Traditions? We don't need no stinkin traditions.

 

People will tell you to make new traditions after the loss of a loved one. Make new traditions and carry your loved one with you as you make them. But something about that just seems wrong. It feels like you are accepting your loved one’s death, and that feels like you are letting death win. So instead, we dig in our heels and hold onto every memory we can, and we sit in it. We breathe in our memories so deeply that it feels like they fill every cavity of our being. We are so afraid of losing our memories, losing what we have left, that we let the memories envelop us. But the problem with this, the problem with allowing the past to fill our being, is that it weighs us down. It can weigh us down to the point of paralysis. To the point where we physically can’t move. We can't move forward, we can't move past it, we can't breathe. If healing were a living, breathing thing, it wouldn’t survive here because it would have no oxygen. 

How do we give oxygen to healing? How do we let healing live? How do we move forward without feeling like we let death win? Referring back to the stages of grief, I guess we need to move towards acceptance. Our loved one is no longer with us in the way we once knew. Moving forward doesn’t mean we forget our loved one or we let them go.  It means that we agree to try to live in our new life.  We try to allow a little space for healing.  We agree to try to give a little oxygen to healing.

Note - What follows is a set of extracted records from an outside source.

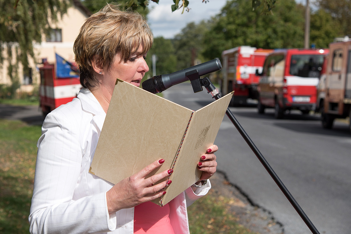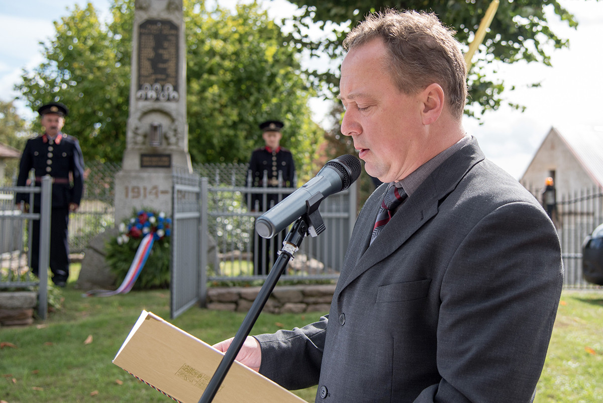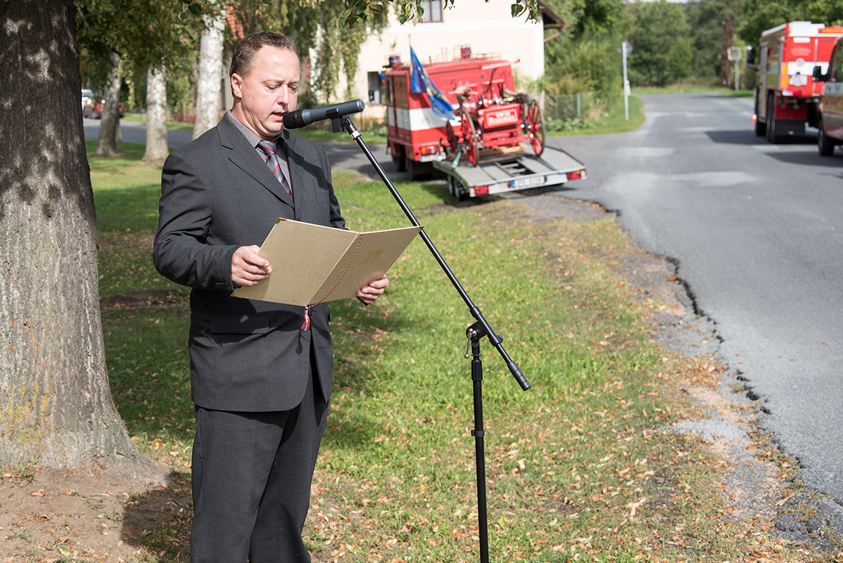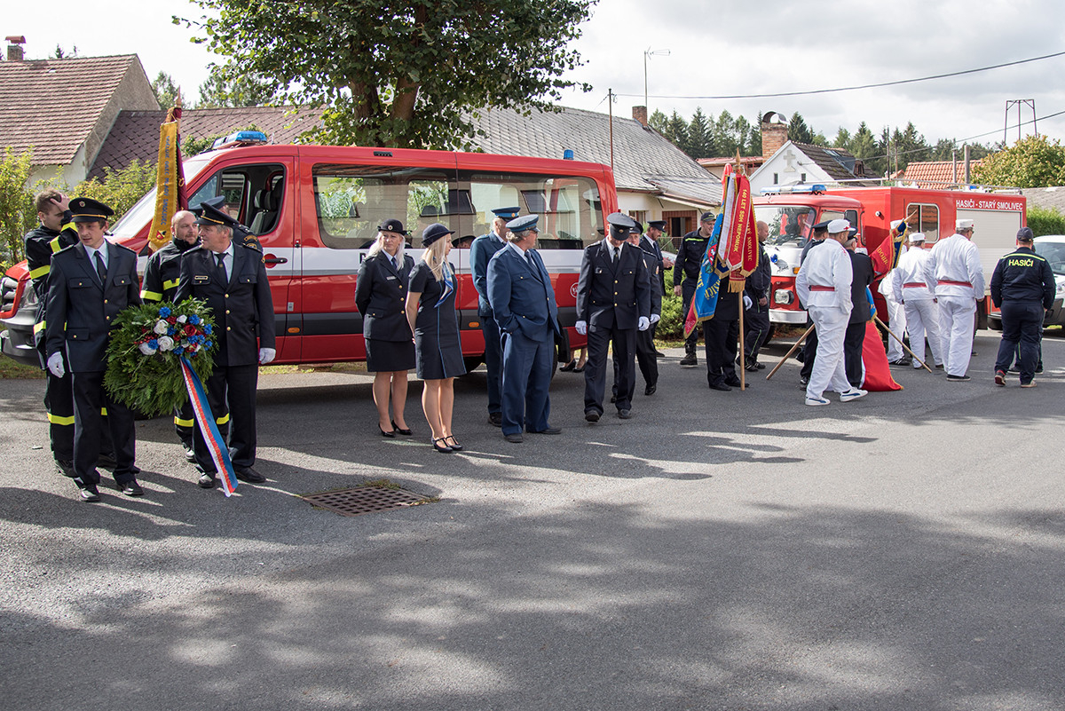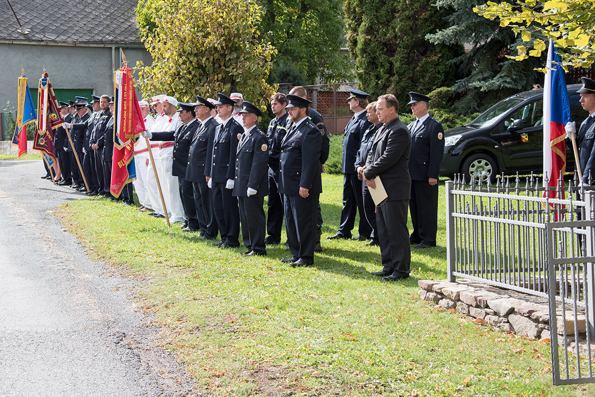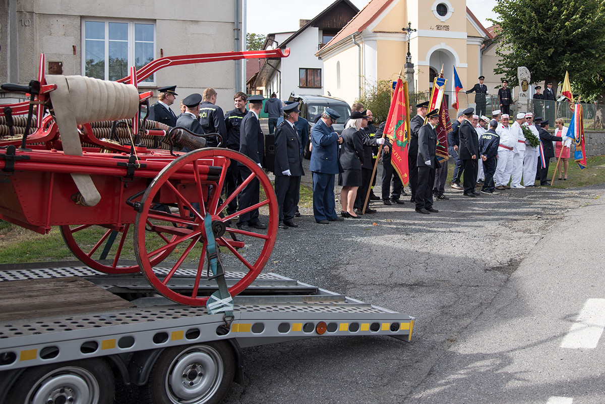 Nicméně zpět k průběhu pietní akce. „Domácí“ hasiči (tedy hasiči ze sboru dané obce, ve které jsme se aktuálně nacházeli) položili věnec na pomník padlých v 1. světové válce. Dále zazněla státní hymna. Poté všechny přítomné přivítala starostka obce, paní Eva Kubová a připojila několik slov úvodem a svým povídáním nás přenesla do dob minulých, konkrétně do roku 1918. Dále mluvila o uplynulých 100 letech a životě v tomto období. V její dojemné řeči ji vystřídal místostarosta obce, pan Jan Spour. Ten přítomným nastínil válečnou situaci a stručný výtah ze zápisků, které čerpal z místních kronik jednotlivých obcí. Poté znovu předal slovo paní starostce, která ocenila jednotlivě každý hasičský sbor za jejich obětavost a péči o svou obec. Následně pietní akci pozvolna ukončila a pozvala všechny přítomné na pietní akty do dalších vesnic a dále na odpolední program do Radošic.
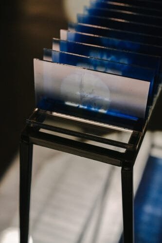Pe de altă parte, în The Blue Room, remedierea a mers înspre altă direcție – aici, mediul digital este translatat înapoi, către originile fotografiei, prin cianotipie pe sticlă. Această mișcare nu este doar tehnică, ci declarativă: imaginea digitală este obiectivizată, devenită tangibilă, pentru asumarea unei manifestări a remedierii care mi se pare foarte importantă: hipermedialitatea, un concept esențial în teoria media, de asumare a mediului în sine, a interfeței. Am vrut să atrag atenția asupra prezenței palpabile a mediului, invitând publicul să experimenteze nu doar conținutul, ci și mediul în sine, care e parte integrantă și asumată din sistem.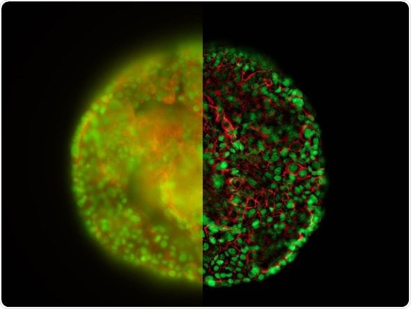 HeLa cell spheroid stained with Alexa Fluor 568 Phalloidin (Actin) and YOYO 1 iodide (Nucleus). Acquired with a standard wide field fluorescence microscope (left half) and an exposure of the same sample taken with a THUNDER imager (right half).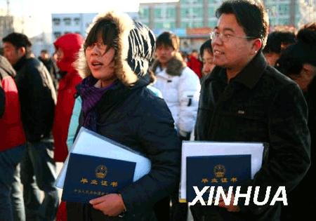 2009年2月16日,参加招聘会的两名毕业生拿着毕业证书排队入场。当日,北京市怀柔区举办“首都人才市场促进高校毕业生就业服务月怀柔区现场招聘会”,为毕业生们提供千余就业岗位。新华社发(卜向东 摄)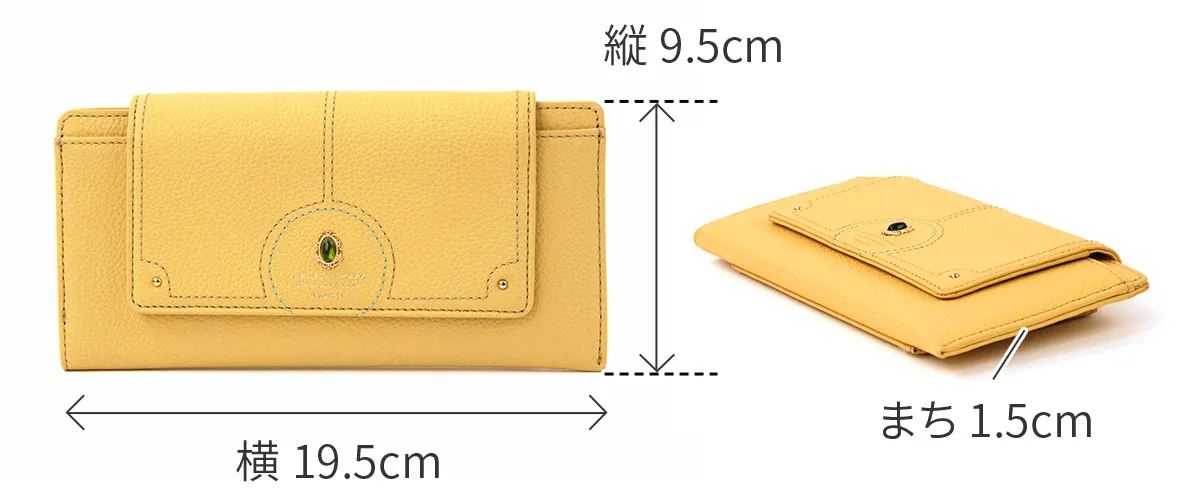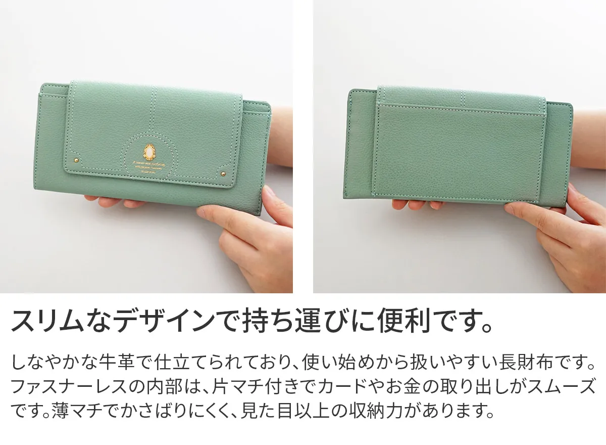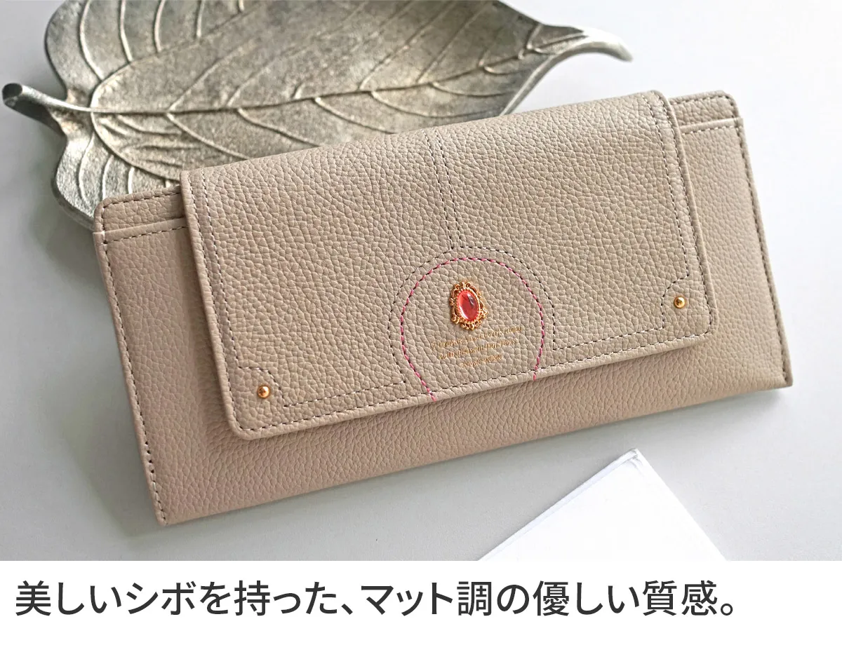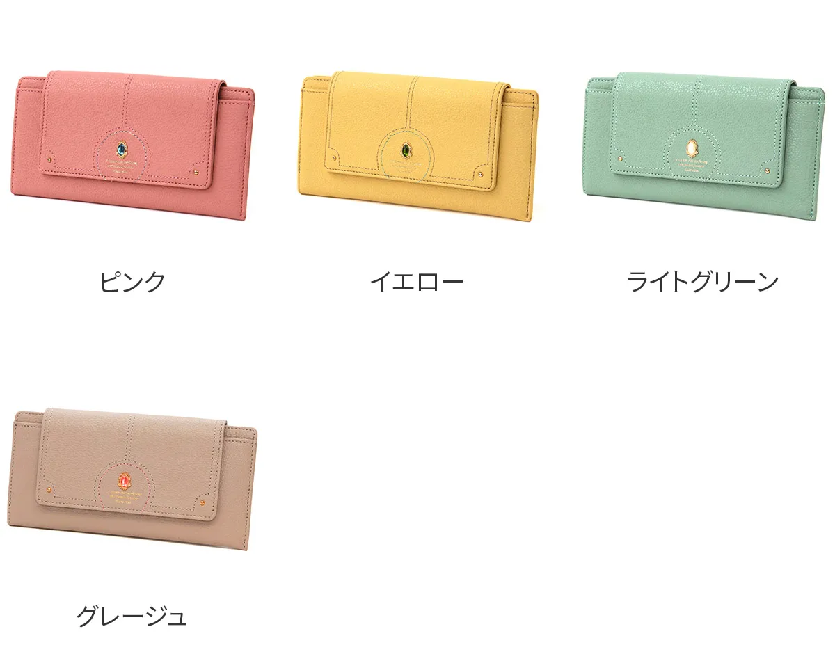 煌めくレザーに、パワーストーンをあしらったシリーズ。ガラスから生まれた鮮やかなストーンは周囲に漂う力を柔らかく変換し、持つ人に優しく寄り添います。色に込めた意味とともに、大人の女性の日常に活力を。 パワーストーンが目を惹くデザイン性に優れた長財布は、開くと中まで鮮やかな配色です。内部は一目で中身を確認できるファスナーレス仕様です。カードやお金、通帳やレシート類をしっかり収納できる優れた収納力に加え、薄型でバッグにすっきり収まるスマートな持ち心地です。

So how do we move forward with our traditions while making room for healing? Maybe we start small. Find a small new tradition or even an old tradition and tweak it, or, if you are so bold, keep a tradition going in the absence of your loved one. My mom used to buy my family new pajamas every Christmas. It was a tradition she started with me from birth. We would open the pajamas on Christmas Eve and wear them on Christmas morning. So, this year, as my first Christmas without my mom approached, I decided to tweak the tradition. I bought new pajamas for my family and we wore them throughout the Christmas season. Replicating the tradition was overwhelming, but tweaking the tradition was not only manageable, but actually enjoyable.  

There is a level of readiness that accompanies acceptance to make way for healing.  Maybe you are there, maybe you are nowhere close.  Maybe you don’t even know where you stand. I think I am there sometimes and certainly not others. When I journal, I mean what I write. But sometimes, when I go back to edit, I think “ohhhh I am definitely not there right now!” But in the words of an old friend, “it's all good”. We need to meet our grief where it is and take it one day at a time, keep our faith, put one foot in front of the other, and ride one wave at a time.